See Real Examples Documentation for detailed analysis with explanations.


1. Ground Segment (Data Center & Python)#

Mission Control in a Box (Docker) The easiest way to launch Aethelix is via Docker Compose, which spins up the Streamlit dashboard and pipeline instantly.

git clone https://github.com/rudywasfound/aethelix
cd aethelix
docker-compose up -d

The dashboard starts dynamically on port 8501. You can drop realistic PCoE datasets directly into the mapped /data folder.

Native Python Package Aethelix is packaged with maturin and PyO3. Install it natively as a Python module:

# Inside a virtual environment
pip install -e .

2. Space Segment (Flight Software)#

Aethelix targets two dominant architectures as part of the "Strategic Autonomy" Dual-Core strategy: the legacy LEON3 (SPARC) fleet, and the next-generation Shakti (RISC-V) missions.

C/C++ Integration (CMake) Drop Aethelix into your embedded flight codebase simply using CMake's FetchContent or add_subdirectory. Select your compiler target:

# LEON3 (SPARC) Industry Standard Profile
cmake -DPROFILE_LEON3=ON ..

# RISC-V (Shakti) New Norm Profile
cmake -DPROFILE_SHAKTI=ON ..

Ada Integration (Alire/GNAT) Aerospace middlewares relying on Ada can include aethelix.gpr directly in their Alire workspace.
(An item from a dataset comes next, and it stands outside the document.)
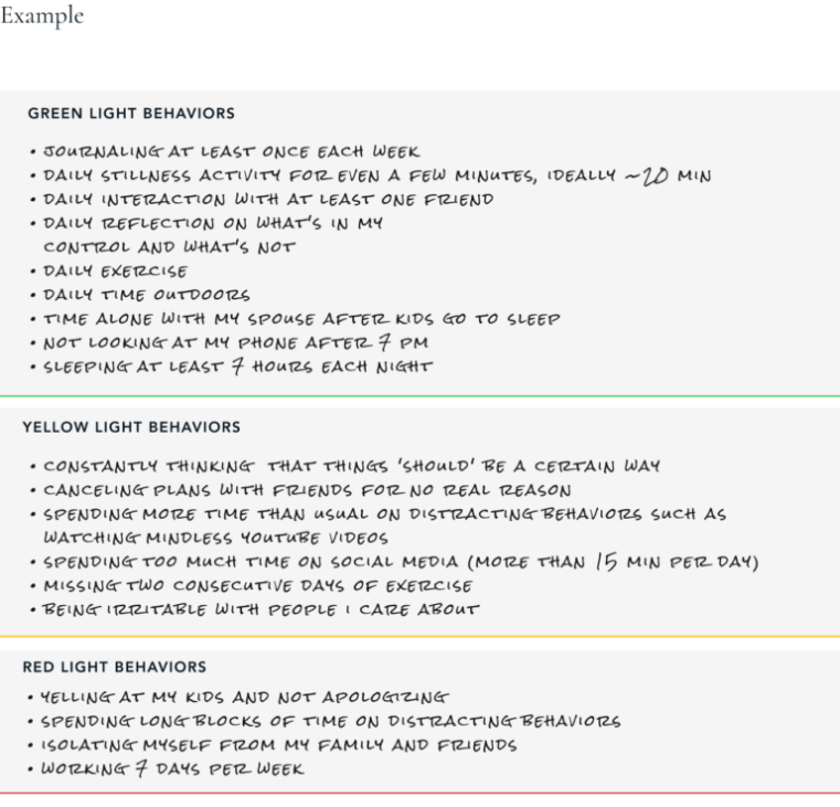 Yellow light: Behaviors that show up before red light behaviors. It’s easy to miss these, as they are often seemingly benign. We want to get better at catching these behaviors before we tumble further into distress so we can take corrective steps.

GNAT will instantly resolve the bindings natively.


Active Recovery (Sentinel Gap)#

Aethelix is not just a passive diagnostic tool; it possesses an Active Recovery Callback Interface. Through the C/Ada FFI, your FDIR middleware can register a recovery function that Aethelix will trigger the exact moment a root cause is successfully isolated.

// Example: Active Recovery execution on Deep Space Node
void critical_recovery(int fault_id) {
    if (fault_id == AETHELIX_FAULT_BATTERY_THERMAL) {
        // Trigger emergency bus cooling mechanisms
    }
}

// Bind to Aethelix FDIR Framework
register_recovery_handler(critical_recovery);

Quick Run#

python dashboard/app.py

This runs the full diagnostic pipeline on a simulated multi-fault scenario (Solar + Battery aging).

Reproducing Scientific Benchmarks#

The repository includes a stochastic 100-scenario benchmark suite used for the formal performance evaluation.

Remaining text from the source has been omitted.